I think a succinct statement of Greg’s position is that the Treasury market is now rigged with the Fed stepping in a buyer.My simple response is that the $300 billion of Treasuries and the $200 billion of agency debt that the Fed will purchase is insignificant relative to the size of the markets. As an example, the Treasury will auction $98 billion of 2year,5 year and 7 year notes this week. So the $300 billion that the Fed has stated that it will purchase essentially covers this weeks series of auctions and the same series of auctions in April and May. That does not seem to be enough to me to irreparably harm the market.
I feel the same way about the agency market.

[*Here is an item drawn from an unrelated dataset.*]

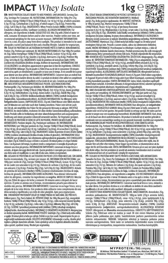 マイプロテイン ホエイ Impact ホエイプロテイン アイソレート ノンフレーバー 1 kg アンフレーバー 1キログラム x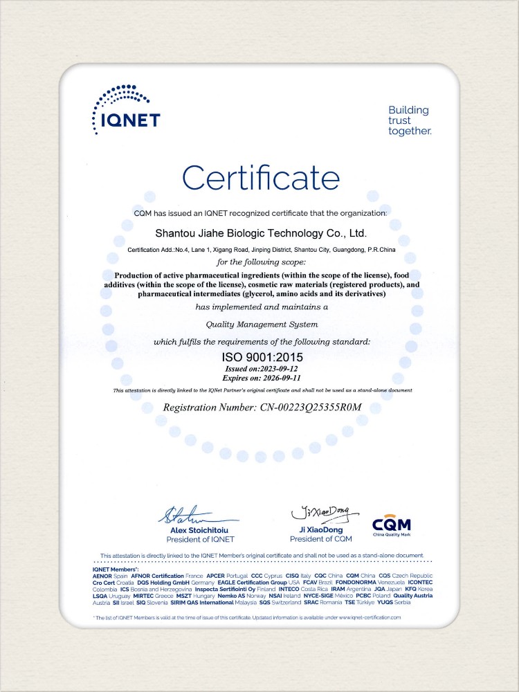 汕頭佳禾生物科技有限公司是一家致力于氨基酸及其衍生物研發(fā)、生產(chǎn)和銷售的國家高新技術(shù)企業(yè),先后通過了國家藥品GMP認(rèn)證,ISO9001質(zhì)量體系認(rèn)證、ISO14001環(huán)境管理體系認(rèn)證。目前,公司擁有“廣東省專精特新中小企業(yè)”、“廣東省氨基酸產(chǎn)品工程技術(shù)研究中心”、“汕頭市生物發(fā)酵工程技術(shù)研究開發(fā)中心”、“汕頭市知識(shí)產(chǎn)權(quán)優(yōu)勢企業(yè)”、“多項(xiàng)國家發(fā)明專利”、“廣東省守合同重信用企業(yè)”等多項(xiàng)資質(zhì)和榮譽(yù),旗下“佳禾牌”系列產(chǎn)品已成為原料藥行業(yè)知名品牌。 新泰市佳禾生物科技有限公司成立于2012年8月,注冊資金2億元,公司位于山東泰安新泰市新汶工業(yè)園區(qū),是國 家級高新技術(shù)企業(yè)、山東省“專精特新”企業(yè)、山東省制造業(yè)單項(xiàng)冠軍企業(yè)、泰安市科技型中小企業(yè)、泰安市農(nóng)業(yè)產(chǎn)業(yè)化龍頭企業(yè)、中國生物發(fā)酵產(chǎn)業(yè)協(xié)會(huì)理事單位。

However, I do worry about the mortgage market. The FOMC has promised to purchase $ 1.250 trillion mortgages. I think that will foster a decoupling of the MBS market from the Treasury market as the FOMC will be buying a very substantial chunk of new production. I envision a situation in which even small back ups in MBS yields elicits buying from traders for non economic reasons. They buy because they know that they have a free option from the central bank.

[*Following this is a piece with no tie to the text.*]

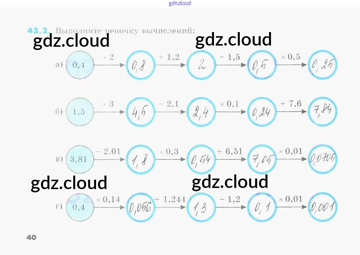 Ответы к §43. Умножение десятичных дробей по Математике 5 класс Рабочая тетрадь Зубарева УМК Часть 1, 2 Мнемозина

I will post the three comments which reader Greg submitted last Friday:
By Greg on Mar 20, 2009 | Reply | Edit
John — since Bernanke has pretty much shut down the government bond markets, and has definitely destroyed all sense of market price discovery; is there any point in reporting spreads anymore?
Like you, I have watched b-fly and spread levels for years to get an indication of credit and economic activity… but as prices are now officially set by political decree, the spreads have little if any meaning
The Agency – Treasury basis has no meaning anymore — the prices of both are set by committee.
I have enjoyed your blog over the years, and I wish you continued success. But it would appear that the bond market is not going to be the place to be the next few years.
I know the mess of the markets the last few days is the immediate effect of Bernanke’s QE shenanigans — but I fear it will not be temporary. The bond vigilantes are all retired, and now it is only a question of when China will realize they have been had.
The government’s spending plans are truly something that we would expect from Hugo Chavez, not a competently run economy.
By Greg on Mar 20, 2009 | Reply | Edit
John– I agree there are still lots of things to trade, but not US Treasuries. The casino has officially announced that the games are fixed so that no customer will ever win. I don’t want to play in such a casino.
I was really saying that a spread to a politically determined price/yield has zero economic meaning
The Treasury market has no investment basis to it anymore. You are right that you can still trade it anyways — you can also trade on a roulette wheel or the roll of a dice. Neither of those has any investment merit to them. But more crucially, you have to be a fool to trade/bet on a loaded dice.
Bman — you are right that they said “up to” $300 billion. As Bernanke discovers just how foolish this announcement is, I suspect the reality will be a very small percentage of that… but the damage is done.
Once the US government officially announces that the debt market is a ponzi scheme, it won’t really fix things if a while later they are forced to announce “just kidding!”. The credibility is already lost
By Greg on Mar 20, 2009 | Reply | Edit
I would love to hear John (or whomever) explain how bid/ask spreads are going to remain anything close to what they were… if a market maker can lose 5% at the whim of a politician, that has to get reflected in a much wider bid/ask
Investment funds… if the market becomes less liquid, then it becomes much more difficult to create alpha. Without liquidity, arb trades become much more risky. How do you do a b-fly trade if you can’t sell short? If you can sell short, the haircut will have to be much much bigger (and thus the trade much less profitable). And if you make a directional bet, you need a much bigger move to overcome the wider spreads if you are right (and if you are wrong your losses will be bigger).
Essentially the Treasury market becomes buy and hold to maturity — and you don’t need lots of traders or PMs to do that (or bond blogs)
As for pension funds… HA! I would love to hear how anyone thinks they can defease 7% liabilities with a bond that yields half of that. Unless you have a liquid market, active trading isn’t going to make up the other 4-5%.
Most of the government bond markets around the world are FAR less liquid than the US. Even mighty Germany had a failed auction a couple months ago. The US used to be (past tense) the lone exception. Probably not anymore.